Saturday, November 20, 2010

National Test Day

More than 700,000 college hopefuls took the College Scholastic Ability Test this week. In South Korea, Test Day is treated with the reverence and preparations of a national holiday. 

A student who's running late gets
escorted to the 2009 exam. Life.
The government prepares meticulously for minimum distractions.  Airplanes are not allowed to land or take off during the listening portions of the foreign language tests. Many businesses and offices open an hour later to ease morning traffic, and police officers and other emergency personnel have  are often on hand to rush latecomers to their testing centers. 

If you blow your chance, you have to wait another year to take the exam, which is a critical gatekeeper for colleges. 
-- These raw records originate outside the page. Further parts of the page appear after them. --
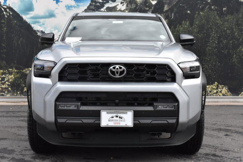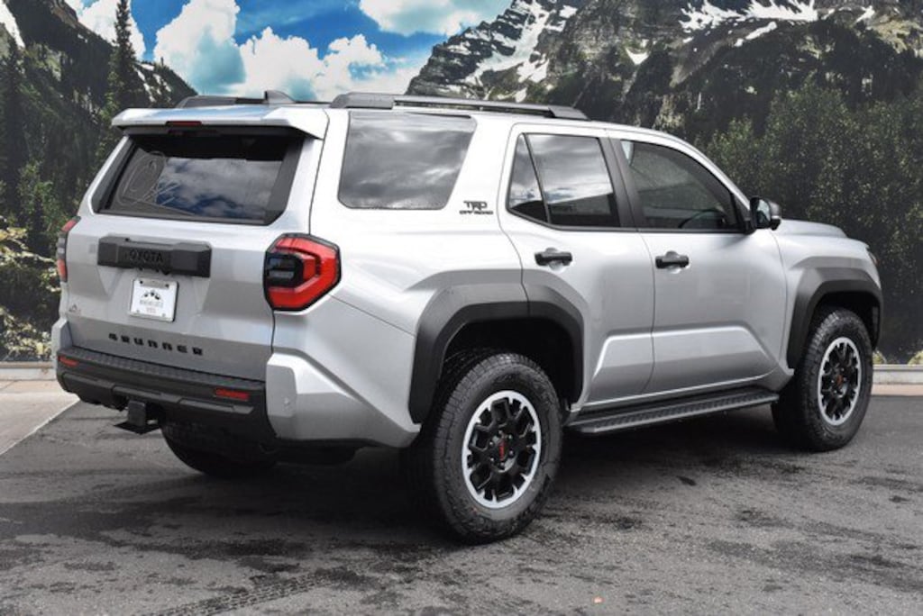 • Black honeycomb-style grille, mirror caps, door handles, and overfenders color-keyed rear spoiler black 'TRD OFF ROAD' and '4RUNNER' badges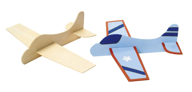 Houten vliegtuigjes, 3 delen die in elkaar geschoven kunnen worden. Geschikt om te versieren, kleuren, beplakken en veel andere technieken.
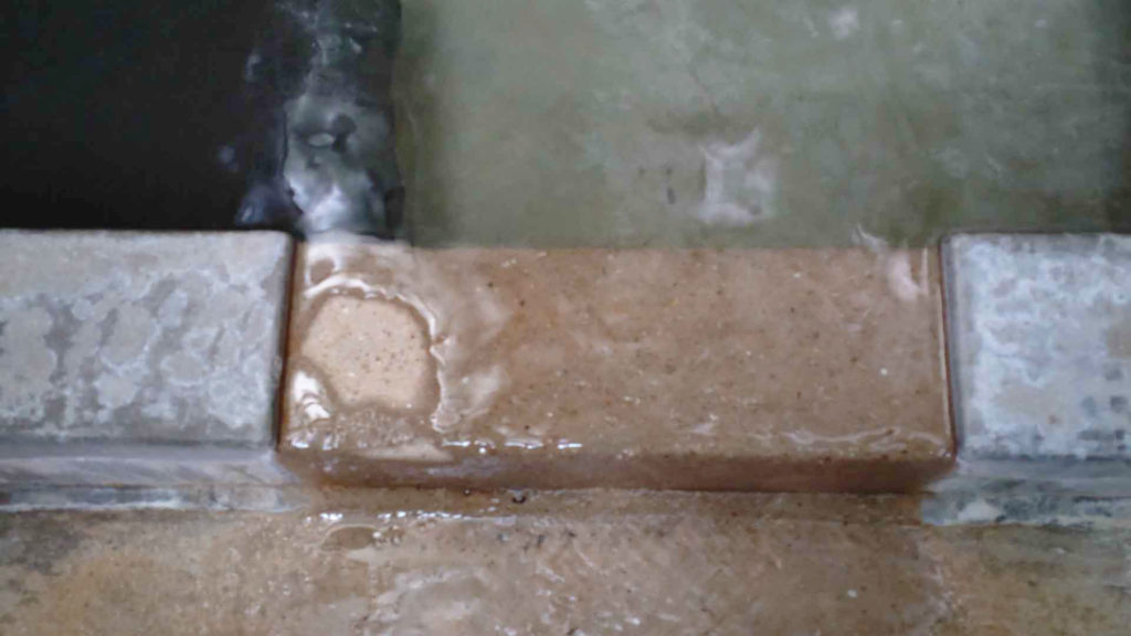 源泉が投入された分だけ浴槽淵の切り掛け部分からお湯が溢れていく源泉かけ流しの温泉になっています。

The exam takes nearly ten hours.  Sections include Korean language, math, English, social studies, science, and a second foreign language. Students usually take the social studies section or the science section.

At the high school in my neighborhood, the gates were closed at 8:30 a.m. and the normally busy street was quiet. About a dozen mothers stood quietly at the fence, not ready to leave just yet.  At some testing sites, underclassman come with tea and posters to cheer on the test takers in the morning.

Producer at EBS, test in hand,
preparing a program that will
review all the answers.
In the afternoon, I visited the Education Broadcasting Service, a public television network that was preparing for a marathon post-test wrap-up program including detailed answers to each question and analysis of how it compared to previous years. 

Later on, I checked in by phone with Oh Dong-Kwoang, who took the test for the second year in a row, after studying at a specialized academy for ten months, at least 12 hours a day.



He said the night after the test he turned off his cell phone and boarded a train bound for the shore. After a six-hour journey, he walked down to the beach and watched the sunrise. Then he turned around and went back home. He felt okay about how the exam went, he said. But after studying so much and focusing on one thing, he felt strange and a little sad for it to be over.

I also talked to his friend Ji Yong-Chang, a classmate at the academy and another second-time test taker. 

When I asked how it went, he responded: "So bad. So bad."  He improved his previous score by about 15 or 20 points, but not the 30-plus point jump he was hoping to make.  It was a lot harder than he expected, especially the English and Korean sections, he said.

Lower-than-anticipated results mean that he can't apply for the acupuncture programs he had set his sites on, nor the top tier colleges in Korea. He will probably apply instead for economics or statistics programs at other schools.

But he's taking it in stride and glad the test is over. And his parents are proud that he worked so hard to improve his scores, he said.  "This year, for me and for everybody, it was a very, very hard time. So we just hoped to finish the test," he said.